С каким-нибудь "Перно" четырнадцатого года.
— Значит, тетушка, ключевое слово — гипербатон?
— Какой же миропорядочности ждать от селекции? Ты не находишь,
что я крупновата для маркитантки? Меня роднит с ролью только мокрый башмак.
Помнишь, как говорил Наполеон? Я слишком для вас велик!
И ветер странствий, стреножив пред путешествующими — ералаш
лестниц и треков под кресла-велосипеды... и сбивчивость дыхания... и вольность
духа — на вершине... когда-нибудь умаслит их комбинацией из трех рак, отсеченных
покоем... трех лож, тлеющих — в мелком отсеке покоя, в распаде марлевых лучей и
сигналящих штор — сигнатур на растворе неумаляемого... неумолимого
ультрамарина. Но два отшельника непреложны: узрев в дали коридора — бесчестье,
обнажившиеся ножи — попятились... сквозь плен бредущих на юг деревьев с
ветшающим вещмешком за плечами — на холод свободы... на воскресенье, где время
разъято — и сроки не приближаются...
Но какой гул площади — в многофигурности фраз!
На юг, в сердце жизни! В фок-сосны, в фок-строты... на белую
плитку крапленной кипреем дороги к морю... в золотую пыль, завинчивающуюся — в
чье-то присутствие!
А третий срезан — вам на счастье: Длинношеий Шут — задраив люки
век... или мыш его знает — Ангел Спящий в черной полосе муниципальной пижамы,
забыв о крутящихся под манишкой бобинах с шумовыми эффектами, с бронхитной
руладой...
И Старая Генриетта, глуша свое пернатое горло, перетряхивается на
шиповник:
— Ш-шш! Наконец они прорвали бессонницу — и опрокинули его!
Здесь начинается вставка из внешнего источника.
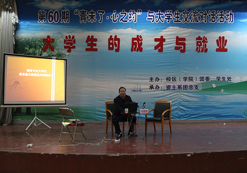 11月8日,由资土系团总支承办的第60期“青未了•心之约”与大学生交流对话活动在大学生素质拓展中心举行。本期以“大学生的成长与就业”为主题,邀请到了我校兼职教授、山东中煤物探测量总公司党群与人力资源部部长刘西胜,与测绘专业的学生进行对话交流。

Отличный нокаут. Замри! Не забыли б преследующие этого парня бредовые двери —
наперстки, куда он вечно должен бежать и не может пролезть... дикарские манеры
войны!
— Возможно, дедушка Фрейд высмотрел бы родовую травму? Вернее...
в самом деле, тетя, какая удача — что мы застукали его спящим! — и опять
некоторые фразы сливаются с сумерками фигур... или — с черной полосой,
пересекшей пространство... — Вывернем поскорей котомки, выложим ему берег
сахарной кости, поставим сочащиеся бунгала на курьих ножках — грохнем бухту
Счастливое Пробуждение и застенчиво растворимся: Тихий Час Размежевания, а
когда он причалит к своим времянкам, то есть к нашим сюрпризам — да возрадуется
не меньше нас!
— Боюсь поскользнуться на платформе твоего юмора... — и
Зеленогривая Генриетта утверждает — свой образец: Час Ожидания! Час
Драбантов... хранителей тела, излучение любви — к единице хранения...
— Но, тетя Геня, это уже гротеск!
— Одно гнездо цифр. Протухающая в нем дюжина — до уныния
неизменна. Брезглива — даже к привносящей птице Ку-Ку...
— Гнездо? Адская машина!
— Он ненавидит моего мужа? Он, несомненно, ревнует. Ха-ха.
Конечно, ты можешь уже пойти, хотя ему было приятно вдруг обнаружить себя в
твоем обществе. Оно определенно кому-то льстит, — признает Генриетта. — Ему или
тебе. Или адской машине времени. Я вымолила твое сопровождение на большой
трубе... трубить со мной по большой дороге — ибо всю ночь эта
закадычница-мигрень давила на меня баснями о таком свете, где нет ни давки,
ни... ничьих диких манер, одна мораль... чертова дриада в старом дубу. Я
проснулась с совершенно зеленой от зависти головой! Но испугалась — а ну как я
уже соблазнюсь на тот свет прямо с пути, кто доставит сии могучие корзины?
Разумеется, между тарталетками с гусиным паштетом и трюфелями мною вложен адрес
госпиталя... обожаю канцеляризмы: мною проделана работа по вложению. Я думаю...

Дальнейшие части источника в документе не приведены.